From Reagan to contemporary Republicans, conservative US political ideologues have also embraced this old Malthusian thinking on using hunger to drive social and economic reform. Ronald Reagan is famous for demonising “Welfare Queens”, poor single mothers who supposedly opted not to work and lived “lavishly” off public assistance. This racist and gendered stereotype would eventually lead to the Clinton era welfare reforms of the 1990s under the Personal Responsibility and Work Opportunity Act.

More recently, Republican Congreesman Paul Ryan, chairman of the US House Budget Committee and former vice presidential candidate, has argued that the safety net is becoming “a hammock that lulls able-bodied people to lives of dependency and complacency”. To wit, his budget proposals entail significant cuts to the SNAP program.

The deep irony is that both Reagan and Ryan are the descendants of Irish immigrants who likely fled their homeland because of brutal Malthusian-inspired policies which used hunger as a tool for change. 

Let us be clear on cause and effect. Struggling Americans fall back on SNAP because of low wages, under- and unemployment, and not the other way around. These benefits are critical for helping people get back on their feet.  Especially for children, who make up 50 percent of beneficiaries, supplemental nutrition is critical for continued development and education. As such, SNAP is not just a safety net onto which any of us might have to fall back on in a turbulent economy, it is a program that helps protect the nation’s most vulnerable children.
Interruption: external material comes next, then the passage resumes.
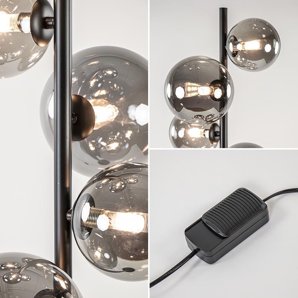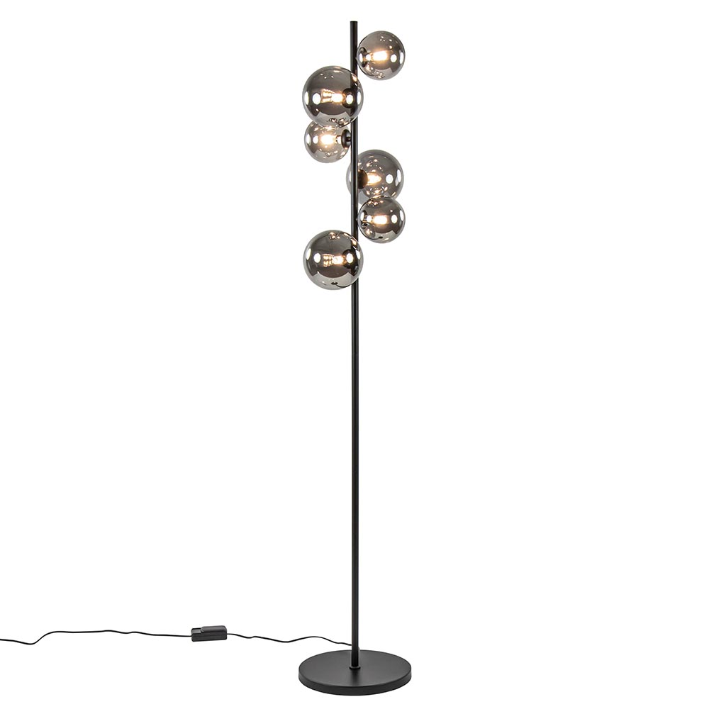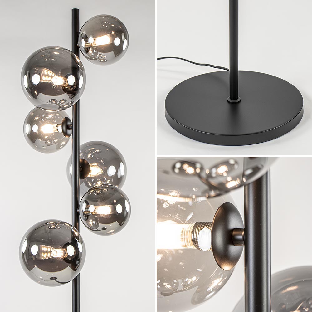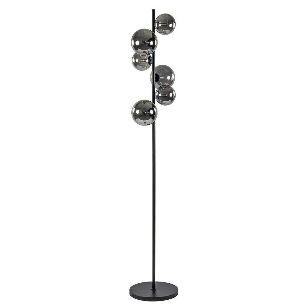 Deze prachtige vloerlamp past helemaal bij de huidige woontrends. De staande lamp heeft een retro / Art Deco uitstraling die nu ook veel terug te vinden is in het interieur. De vloerlamp heeft een metalen armatuur dat is uitgevoerd in het mat zwart. Over het armatuur zijn aan de bovenzijde 6 smoke glazen bollen verdeeld. Deze hebben een afmeting van 12 en 15 cm doorsnede. De afwisseling van het glas maakt de lamp helemaal compleet en zorgt dat ze lamp vanuit iedere hoek een mooi exemplaar is. De retro vloerlamp is voorzien van een zwart snoer met een lengte van 210 cm. In het snoer is een dimmer verwerkt zodat u gemakkelijk kunt wisselen van sfeer.

With the SNAP program currently being debated in Congress as part of the reauthorisation process for the 2012 farm bill, Republicans have strategically chosen to downplay their belief that some people (read non-Republicans and racial minorities) must be compelled to work by hunger. Rather, they have opted to frame this as necessary budget trimming.  Never mind the fact that the farm bill also includes massive subsidies for ecologically unstable agricultural practices and that these benefits disproportionately accrue to the wealthiest farmers.

Subjecting people to hunger during periods of under- and unemployment is based on a centuries’ old argument that the poor and people of colour are somehow different and must be compelled to work. The fact that these beliefs continue to be articulated in the US’ political sphere is a disgrace. It is the agricultural side of the farm bill that must be reformed, and not the vital safety net known as SNAP.

William G. Moseley is Professor and Chair of Geography at Macalester College in Saint Paul, Minnesota, USA.  His latest book is An Introduction to Human-Environment Geography: Local Dynamics and Global Processes.